The way my dad presented himself in the public eye was exactly the beautiful person he was at home. He was authentic, passionate, and his sense of humor has always been my sense of humor. My connection with him was first built on baseball. It was my grandfather’s favorite sport, passed down to my dad and then to me. We loved the Dodgers more than anything. We went to so many damn games. I’ll never go to Dodger Stadium again without feeling my dad’s presence and hearing his voice tell me why Shohei Ohtani should never bat in the leadoff spot.
When I was little, I would cry my eyes out when the Dodgers would lose a regular season game, and he’d say, “Buddy, you have to realize, at some point, that there are 162 games. It’s going to be alright.” He took me on baseball trips every summer beginning when I was like 11 or 12, and eventually we made it to every ballpark around the majors.

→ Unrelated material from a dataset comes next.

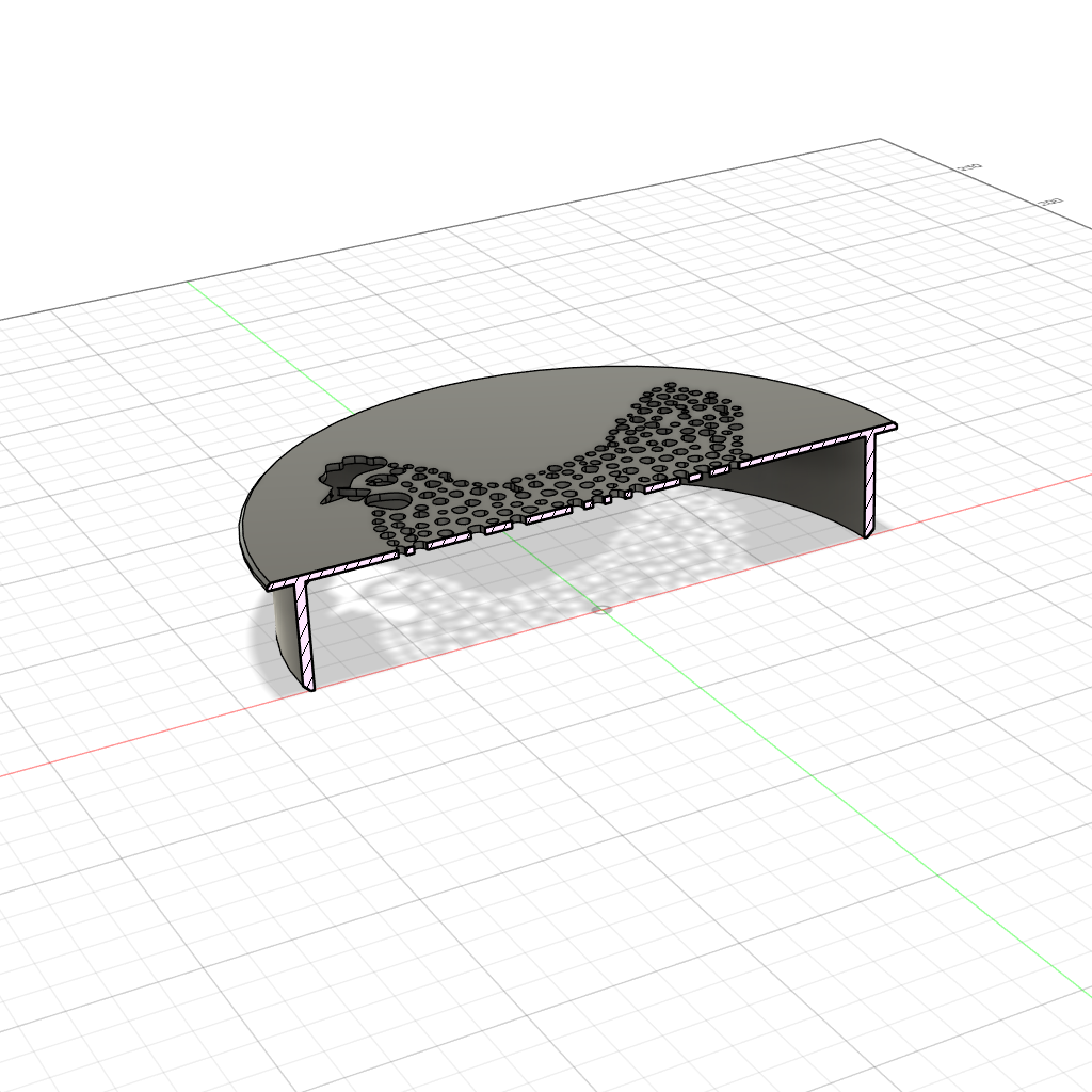 Das Modell wurde zunächst in einem CAD-Programm konstruiert. Das Motiv selbst entstand mithilfe KI-gestützter Bildgenerierung und wurde anschließend in das Modell übertragen. Gefertigt wurde die Abdeckung im FDM-Verfahren aus umweltfreundlichem, mattschwarzem PLA.

My dad is my hero. I love how he would analyze my dreams or how I felt I could come talk to him about anything. No subject was ever off-limits. Whenever I was in a difficult relationship, he would challenge me and say, “You need to really think about what draws you to a person like this, and once you figure that out and break that pattern, you’ll find the person who is truly right for you.” I’m proud to say I have found that person in Maria, and I couldn’t be more grateful she had the chance to know and love my parents. Just like my mom, my dad also supported me in whatever I wanted to do with my life. I was nervous when I made the switch from broadcasting to acting because I didn’t know how he’d react. I guess I should’ve known because all he ever wanted was for me to be happy and love what I do. I wish he and I could’ve worked on a project together from start to finish. I miss him so much.
It’s not lost on me that I was able to have these incredible experiences, that most people don’t get to have, because of who my parents were. But I would trade every Dodger game, every Broadway show, every vacation, if I could just spend just one more hour talking to them and to say goodbye.

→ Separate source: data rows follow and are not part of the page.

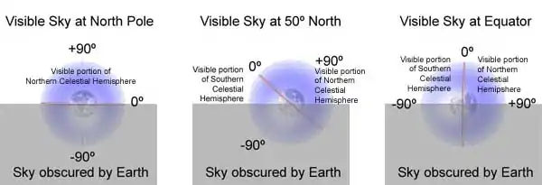 To calculate what astronomical features a structure faced a coordinate system is needed. The stars provide such a system. On a clear night observe the stars spinning around the celestial pole can be observed. This point is +90° of the North Celestial Pole or −90° observing the Southern Celestial Pole.[117] The concentric circles the stars trace out are lines of celestial latitude, known as declination. The arc connecting the points on the horizon due East and due West (if the horizon is flat) and all points midway between the Celestial Poles is the Celestial Equator which has a declination of 0°. The visible declinations vary depending where you are on the globe. Only an observer on the North Pole of Earth would be unable to see any stars from the Southern Celestial Hemisphere at night (see diagram below). Once a declination has been found for the point on the horizon that a building faces it is then possible to say whether a specific body can be seen in that direction.
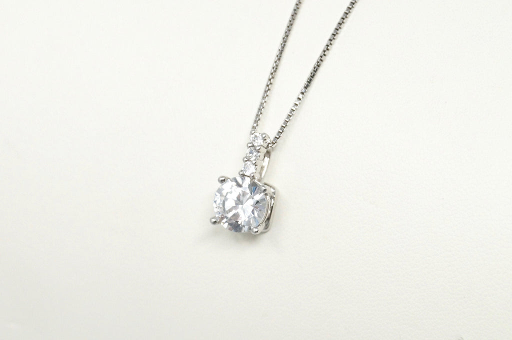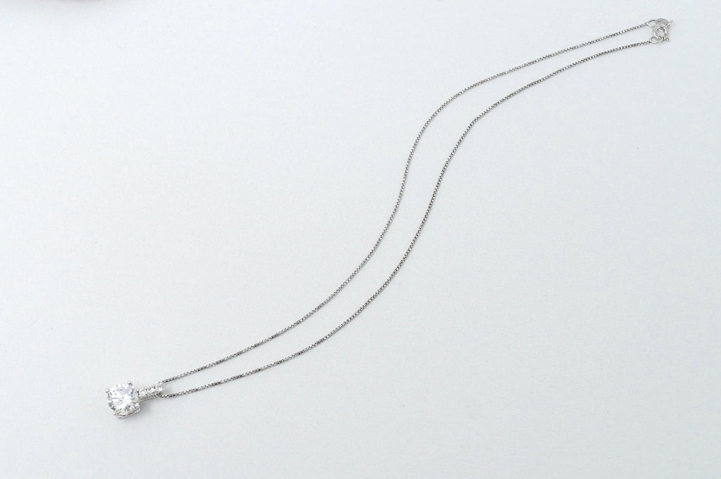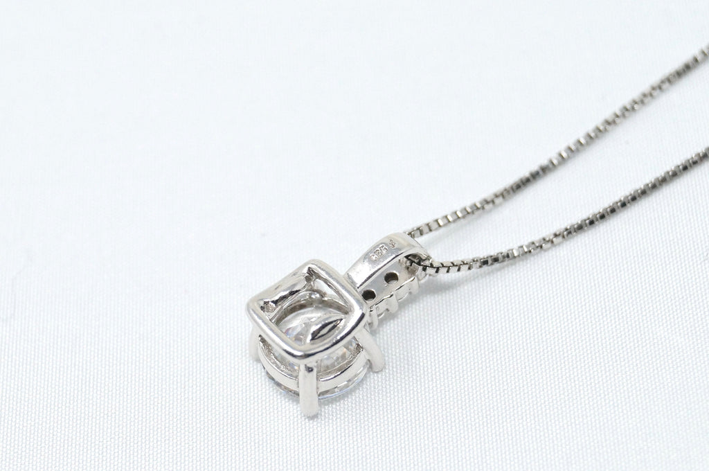 Lovely Large Simulated Diamond Sweetheart Necklace Sterling Silver 16"
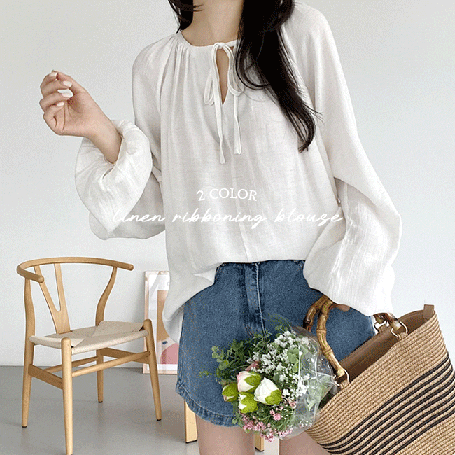 [리본포인트/여리여리] 린넨리보닝여리핏블라우스 (2color)
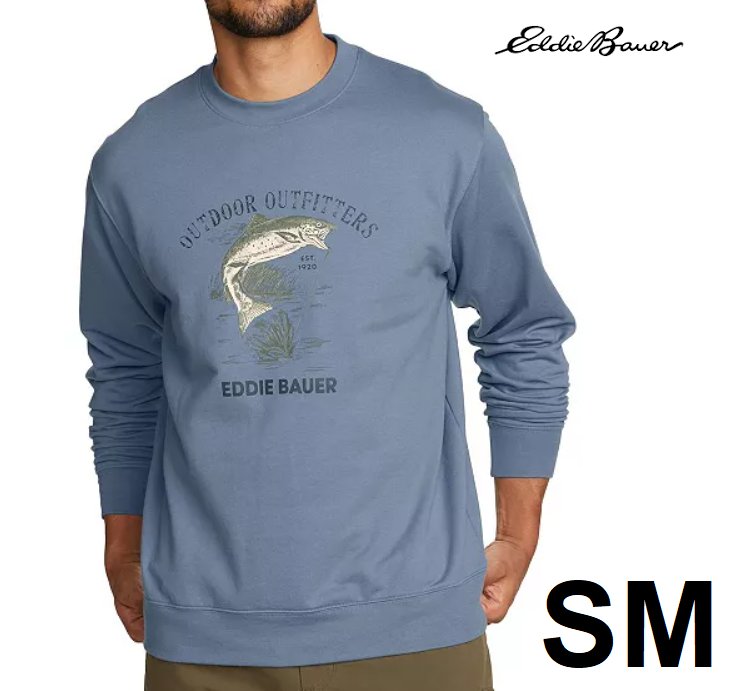 MENS Eddie Bauer Graphic Crewneck - SMALL - BLUE/FISH - (STYLE:1819535)
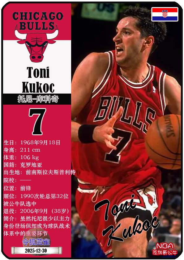 NBA1996-97赛季,拥有迈克尔-乔丹、斯科蒂-皮蓬、丹尼斯-罗德曼的芝加哥公牛队战胜了斯托克顿、卡尔-马龙领衔的犹他爵士队夺得NBA总冠军,乔丹拿到个人职业生涯第五座总冠军奖杯。本期盘点1996-97赛季芝加哥公牛队夺冠阵容(按球衣号码排序):
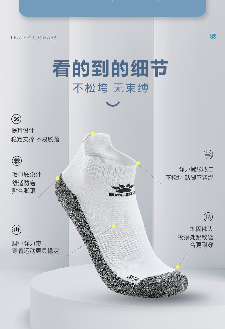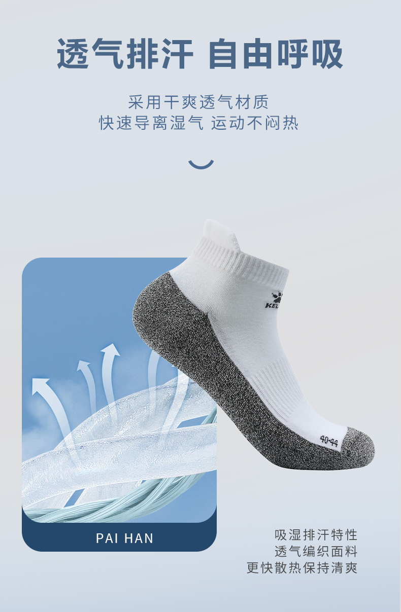 KELME卡尔美运动短袜 男女士毛巾底运动休闲船袜吸汗短袜防滑透气
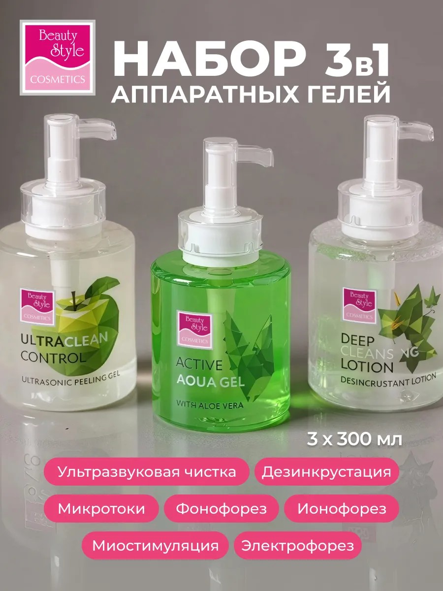Beauty Style Гели для микротоков, ультразвуковой чистки, набор 3х300 мл

When you are not living through a tragedy the specific way Romy and I are, it’s hard to wrap your head around just how horrific this has been. Because they weren’t your parents, it might be easier to move forward or even forget for a moment about what happened that day, but for us, it’s every single day.
Every day since then has been horrendous. Every meeting we take, every person we talk to, every tear we shed, every movement we make is connected to our parents being murdered. In the middle of trying to process the most devastating moment of your life, the world demands meetings, paperwork, decisions, and explanations; as if documentation must come before mourning.

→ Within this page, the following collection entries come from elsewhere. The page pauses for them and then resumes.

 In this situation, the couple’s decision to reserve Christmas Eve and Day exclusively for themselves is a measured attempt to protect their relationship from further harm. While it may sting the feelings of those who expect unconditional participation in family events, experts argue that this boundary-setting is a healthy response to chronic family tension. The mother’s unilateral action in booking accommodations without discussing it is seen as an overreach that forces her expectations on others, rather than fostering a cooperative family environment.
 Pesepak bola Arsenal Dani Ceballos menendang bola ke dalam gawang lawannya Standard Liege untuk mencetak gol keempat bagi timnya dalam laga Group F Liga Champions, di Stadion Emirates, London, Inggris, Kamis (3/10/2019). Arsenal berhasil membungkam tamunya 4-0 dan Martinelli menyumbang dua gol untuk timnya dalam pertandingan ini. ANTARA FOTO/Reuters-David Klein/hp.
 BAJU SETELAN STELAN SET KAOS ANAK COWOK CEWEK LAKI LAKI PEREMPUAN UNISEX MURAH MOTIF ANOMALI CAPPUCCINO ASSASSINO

My goal in writing this piece is to offer some insight. Not only to what I lost but also to celebrate what my parents meant to me.
A lot of people have said to me, “I don’t even know what to say,” and I don’t blame them. If I weren’t in the middle of this shitstorm, I wouldn’t know what to say either. It’s too specific. Too dark.
We lost more than half of our family that night in the most violent way imaginable. Sure, any loss of a parent is devastating, but nothing compares to losing both of them at the same time and, on top of that, having your brother be at the center of it. It’s almost too impossible to process. I understand that people have questions about what happened. Some of those answers will come in time. But some parts of this belong only to our family, and keeping them private is the only way to protect what little remains of something that was taken from us.
What the hell do you say to someone who is living through this reality?
The truth is, there is nothing to say.
I just ask for love and compassion - the same principles my parents lived by.